Heat Shock (HS) A diploid panel produced by heat shock treatment of haploid embryos (one-cell stage) was described by Kelly et al. (2000) in "Genetic linkage mapping of zebrafish genes and ESTs" (Genome Research 10:558-567).  More: http://zebrafish.stanford.edu/genome/HeatShock99, Will Talbot (Stanford)

Boston MGH Cross (MGH) A microsatellite map covering 2350 cM of the zebrafish genome, with an average resolution of 3.3 cM, is described by Knapik et al. (1998) in "A microsatellite genetic linkage map for zebrafish" (Nature Genetics 18:338-343), and Shimoda et al. (1999) in "Zebrafish genetic map with 2000 microsatellite markers" (Genomics 58:219-232).   More: http://zebrafish.mgh.harvard.edu/, Marc Fishman (Harvard)

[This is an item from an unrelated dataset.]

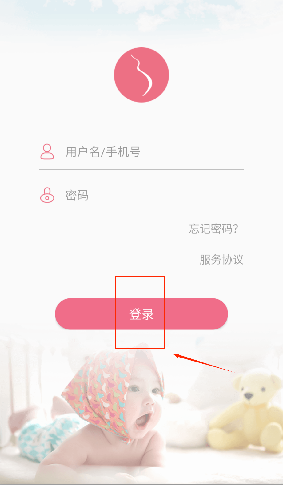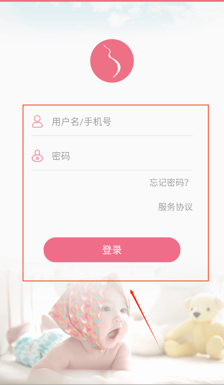 2、登录界面认准粉色主题风格,顶部有怀孕曲线图标,在两个带图标框里填手机号密码,记得输完检查下有没有错啦。

Mother of Pearl (MOP) A haploid panel constructed from a single female heterozygous for the mother-of-pearl (mop) coloration mutation. This panel contains 556 markers with a framework of 211 RAPD (random amplified polymorphic DNA) markers and 122 SSLP (simple sequence-length polymorphism) microsatellite markers. It is described by Postlethwait et al. (1998) in "Vertebrate genome evolution and the zebrafish gene map" (Nature Genetics 18:345-349).   More: http://www.neuro.uoregon.edu/ionmain/htdocs/faculty/postleth.html John Postlethwait (University of Oregon)

Zebrafish Genome Integrated Map (ZMAP) A composite genetic map of coding sequence markers from the T51 and LN54 RH maps, the HS map, and the MGH map. ZMAP was constructed by insertion of previously mapped T51, LN54, and HS markers into framework of the MGH map. The ZMAP was created by Allen Day, Tom Conlin, and John H. Postlethwait at the University of Oregon. As of May 2004, the map has 30,012 markers and is continuing to be updated. More information about ZMAP is available at ZFIN: http://zfin.org/cgi-bin/webdriver?MIval=aa-crossview.apg&OID=ZDB-REFCROSS-010114-1.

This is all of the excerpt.